Salía uno, entraba otro, César corría por la lateral desfondado, seguía derecho hasta el palo de la esquina para vaciar sus entrañas en un guayabo pre-final increíble. Un público desconocido rugía, el árbitro pedía cambiar al ebrio, recambio y seguíamos. Medio tiempo, a alguien se le ocurrió meterse magia en las ñatas, el árbitro se emputa y amenaza con mandarnos a la mierda.
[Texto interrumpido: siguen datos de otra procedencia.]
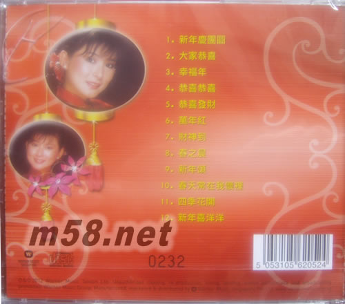 01. 新年慶團圓 02. 大家恭喜 03. 幸福年 04. 恭喜恭喜 05. 恭喜發財 06. 萬年紅 07. 財神到 08. 春之晨 09. 新年頌 10. 春天常在我懷里 11. 四季花開 12. 新年喜洋洋

Cogimos al susodicho, le dijimos hasta cómo le íbamos a meter las media por el culo, con todo y pie adentro, desintoxicación exprés y sale pa’ pintura. 


Arranca el segundo tiempo, más balones suben y bajan, HildeBrandy se preña con la bola, no la quiere parir, charla técnica, “HildeBrandy hijueputa, soltá la malparida bola marica”. Yo lo entiendo, quiere ser un héroe en un partido donde sobran, porque estar en este juego sin tener historial que nos respalde, es más grande que ser Simón Bolívar. De nuevo la bola transita, sudor, madrazos, nos acercamos al final, se alarga el chico. “Pues muchachos, aquí llegamos sin merecerlo…” una vez más lo repetimos, a ver si se nos da. 


Dos extra-tiempos que aprietan las piernas de quienes jugamos como culo de muñeco, los penales se asoman por la cancha, nadie quiere ceder, estamos frente a uno de esos momentos donde una cagada, una pequeña poposiada, manda todo a la gaver.


Y sí.


Alguien la cagó.


En una última jugada, el delantero del equipo contrario se adelantó por la punta que cubría Roberto. Fue una decisión de esas tipo “pasa el balón o pasa el jugador, pero ni pal putas los dos”. Roberto se barrió, lo descosió. Tiro libre.


La barrera se armó como pared de ruso-maestro-de-obra-certificado. Mucha gente gravita por el área. Cobran, el balón rebota, Benjamín suda los últimos electrólitos, ese marica está acabado, lo ha dado todo tapando, pero la barra de poder se le desvaneció justo para el último tiro directo al arco.


Gol.


Y no de Vokda Juniors.


Definitivamente éramos colombianos.


Con los ojos en tierra vimos al contrario festejar, y desde la estación “Nos Vemos Pirobos” escuchamos el pitazo del tren “Victoria” arrancar sin nosotros.


Sí, creo que lloramos, ¿o tal vez no? No, creo que más bien nos levantamos, felicitamos al rival, y como si saliéramos de una guayabo ni el berraco (César literalmente salía de uno), abrimos los ojos para ver hasta dónde habíamos llegado, sin proponérnoslo. 


Esta faena había sido un viaje muy gonococo, uno que empezamos sin ni siquiera conocernos bien entre quienes jugábamos, y que a través de una suerte muy áspera e instantes de genialidad nos convertía en subcampeones de una copa pichurria, en la mejor universidad del mundo: la Universidad Nacional de Colombia, Sede Bogotá, Facultad de Ciencias Humanas, bajo el estandarte de la Carrera de Literatura. 


Obvio, a nadie le importó nuestro “triunfo” y esta historia irresponsable, irreal, irrelevante, irresoluta, irrestúpida, solo sobrevivió en nuestros recuerdos y una camisa gris, que fue nuestro premio de segundo puesto, y que ustedes pueden ver adornando en la foto de esta simple crónica.


Lo peor: después de mi título profesional (ese pedazo de cartón que simbolizó la cereza del pastel de mi carrera) lo único que me encantaba devorar con los ojos era mi molida número 3. Para esta historia revolví media casa, y paila… Mi unicornio gris se me perdió. ¿O tal vez esté en una de sus casas? Quien tenga información, comuníquese conmigo.